NameError: name 'new_val' is not defined

#### Global vs Local Scope (2)
Now, if we define the variable new_val before we define and call the function square, you will see that any time we call the name in the global scope, we will access the variable that is defined in the global scope. Any time we call the name in the local scope of the function, it will look first in the local scope and if Python cannot find the name in the local scope, then it will look in the global scope. 

In [3]:
new_val = 10
def square(value):
    """Returns the square of a number"""
    new_val = value ** 2
    return new_val
square(3)

9

In [4]:
new_val

10

For example, note in the code below that the function references the variable new_value, defined in the global scope, so that when the function is called, the global value is accessed, not the value when the function is defined. Thus, if new_val is given a new value, we will get the new value squared.

In [7]:
new_val = 10
def square(value):
    """Returns the square of a number"""
    new_val2 = new_val ** 2
    return new_val2
square(3)

100

In [8]:
new_val = 20
square(3)

400

As a recap, when we reference a name, first the local scope is searched, then the global. If the name is in neither, then the built-in scope is searched. 

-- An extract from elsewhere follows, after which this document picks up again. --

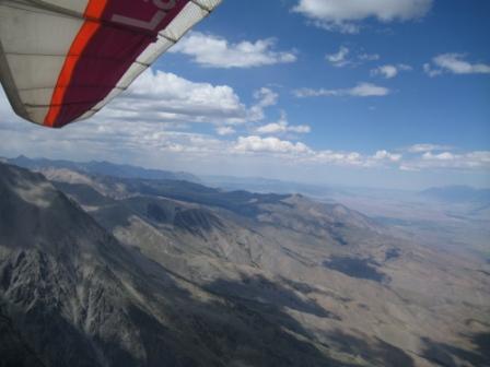 We scored one good day at Walt's Point a week ago Saturday. Rock and roll for the first few climbs, then it got better. 16k at Winoga, dolphined to the base of Onion Valley, found big lift to 13k while crossing in front of Onion Valley...flew on to Lookout and got rocked at 10k. Went around the corner low and scratched around until in front of Split Mtn, then climbed nicely to 16k, while Little John went to 17999' under a convergence cloud SW of the Big Cinder Cone, S of Big Pine. I then dolphined to below Coyote Flats, before Kehoe Hot Springs. Milked the foothills til 13k, flew off the end of the Flats toward Round Valley, landing in the last green field before Paradise. ~85 miles, 3hr 40 min flight. Everyone else landed in Bishop after tagging Chalfont or cruising the flats. Noteably, Jah tagged the 80 mile mark, then turned back to Bishop. We hiked the next day under strong SW conditions. 8)

#### Global vs Local Scope (3)
What if we want to alter the value of a global name within an function call? This is where the keyword global is used. Within the function definition, we use the keyword global followed by the name of the variable. In the example below, we declare the variable new_val in the function as a global variable and then return its value squared. When we call the variable new_val after running the function, we see that we can still the value that was updated after the function was called. 

In [10]:
new_val = 10
def square(value):
    """Returns the square of a number"""
    global new_val
    new_val = new_val ** 2
    return new_val
square(3)

100

In [11]:
new_val

100

### Exercise 1

In [13]:
#The Keyword Global

team = "team titans"

def change_team():
    '''Change the value of the global variable team.'''
    global team
    team = 'justice league'

print(team)
change_team()
print(team)

team titans
justice league


### Lecture - Nested Functions

#### Nested Functions - Scope Search
Scope becomes important when there are functions within functions. In the example below, Python will first search the scope of the inner function to find the value of x, then it will search of the scope of the outer function for the value of x. The outer function is referred to as an enclosing function of the inner function. If Python can't find x in the scope of the enclosing function, it only then searches for x in the global scope and then the built in scope. 

def outer(....):
  """..."""
  x = ...
  
  def inner(...):
     """..."""
     y = x ** 2
  
  return....
  
#### Nested Functions - Value of
Nested functions are useful when it is necessary to use a process a number of times within a function. In example below we have written out the computation for each of the arguments provided in the function, but this is not efficient nor scalable. 

In [None]:
def mod2plus5(x1, x2, x3):
    '''Returns the remainder plus 5 of three values'''
    newx1 = x1 % 2 + 5
    newx2 = x2 % 2 + 5
    newx3 = x3 % 2 + 5
    
    return(newx1, newx2, newx3)

Instead, what we can do is created an inner function, as shown below and call it when necessary. The inner function is called a nested function and the syntax is exactly the same as any other function. 

In [1]:
def mod2plus5(x1, x2, x3):
    '''Returns the remainder plus 5 of 3 values'''
    def inner(x):
        '''Returns the remainer plus 5 of a value'''
        return x % 2 + 5
    return(inner(x1), inner(x2), inner(x3))

print(mod2plus5(1,2,3))

(6, 5, 6)


#### Returning Functions
Another valueable use case for a nested function is the ability to return a function. In the example below, raised_val returns the nested function inner. 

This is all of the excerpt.